5-Oxoprolinuria is a biochemical finding that can arise from two underlying metabolic disorders. It is characterized by excretion of massive amounts of the chemical 5-oxoproline.
5-Oxoprolinuria is characterized by excretion of massive amounts of 5-oxoproline (pyroglutamic acid) in the urine, and abnormally high levels of this acid in the blood and cerebrospinal fluid. Without treatment, mental retardation, impaired muscle coordination (cerebellar ataxia), and seizures may occur.
This finding can result from generalized glutathionine synthetase deficiency or 5-oxoprolinase deficiency. It has also been reported where there is no enzyme defect in the gamma-glutamyl cycle in patients with severe burns or Stevens-Johnson syndrome.
Glutathionine Synthetase Deficiency
Glutathionine synthetase deficiency is a metabolic disorder characterized by excretion of the chemical 5-oxoproline in the urine, metabolic acidosis and increased rate of red cell hemolysis (premature breakdown of red blood cells).
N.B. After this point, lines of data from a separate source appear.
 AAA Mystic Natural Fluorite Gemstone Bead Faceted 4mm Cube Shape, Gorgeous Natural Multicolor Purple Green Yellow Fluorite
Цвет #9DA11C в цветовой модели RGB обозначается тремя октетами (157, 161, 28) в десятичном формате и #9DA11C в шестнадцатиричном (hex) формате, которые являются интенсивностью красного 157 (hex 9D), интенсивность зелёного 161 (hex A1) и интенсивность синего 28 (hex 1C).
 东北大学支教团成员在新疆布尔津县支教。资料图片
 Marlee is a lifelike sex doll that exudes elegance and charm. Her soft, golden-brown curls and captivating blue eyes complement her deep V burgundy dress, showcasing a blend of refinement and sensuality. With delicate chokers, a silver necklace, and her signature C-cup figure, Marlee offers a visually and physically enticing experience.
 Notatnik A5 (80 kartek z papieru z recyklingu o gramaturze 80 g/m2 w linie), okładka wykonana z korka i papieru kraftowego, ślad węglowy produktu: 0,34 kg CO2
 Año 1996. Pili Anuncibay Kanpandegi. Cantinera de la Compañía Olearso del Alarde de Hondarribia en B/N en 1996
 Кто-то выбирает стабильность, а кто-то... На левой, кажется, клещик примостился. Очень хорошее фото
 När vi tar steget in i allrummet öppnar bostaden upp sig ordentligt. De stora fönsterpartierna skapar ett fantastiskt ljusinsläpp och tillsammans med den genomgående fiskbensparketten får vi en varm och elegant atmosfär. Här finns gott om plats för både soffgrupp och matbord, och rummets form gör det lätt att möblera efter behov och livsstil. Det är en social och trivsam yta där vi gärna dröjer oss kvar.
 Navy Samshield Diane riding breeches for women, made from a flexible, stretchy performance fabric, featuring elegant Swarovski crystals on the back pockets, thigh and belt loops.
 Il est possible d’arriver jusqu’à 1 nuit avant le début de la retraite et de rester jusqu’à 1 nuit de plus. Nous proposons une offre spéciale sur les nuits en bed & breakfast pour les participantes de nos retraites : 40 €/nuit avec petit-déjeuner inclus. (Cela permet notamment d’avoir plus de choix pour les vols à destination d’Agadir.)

Some affected individuals also have central nervous system problems such as learning disability, seizures, poor balance and weakness of the limbs.
5-oxoprolinase deficiency also causes excretion of the chemical 5-oxoproline in the urine. There is no accompanying metabolic acidosis or hemolysis. Since there are only a few known cases the full clinical picture is as yet unknown.
5-Oxoprolinuria is inherited as an autosomal recessive trait. Human traits including the classic genetic diseases, are the product of the interaction of two genes for that condition, one received from the father and one from the mother. In recessive disorders, the condition does not appear unless a person inherits the same defective gene for the same trait from each parent. If an individual receives one normal gene and one gene for the disease, the person will be a carrier for the disease, but usually will not show symptoms. The risk of transmitting the disease to the children of a couple, both of whom are carriers for a recessive disorder, is 25 percent. Fifty percent of their children risk being carriers of the disease, but generally will not show symptoms of the disorder. Twenty-five percent of their children may receive both normal genes, one from each parent, and will be genetically normal (for that particular trait). The risk is the same for each pregnancy.
Glutathionine synthetase deficiency is treated with sodium bicarbonate to correct the metabolic acidosis. Vitamins E and C may also be given. Drugs that precipitate hemolysis should be avoided. There are no standard therapies for 5-oxoprolinase deficiency.
Glutathionine synthetase and 5-oxoprolinase deficiencies are inherited as autosomal recessive traits.
Genetic counseling should be offered to families in whom an inborn error of the gamma-glutamyl cycle is found.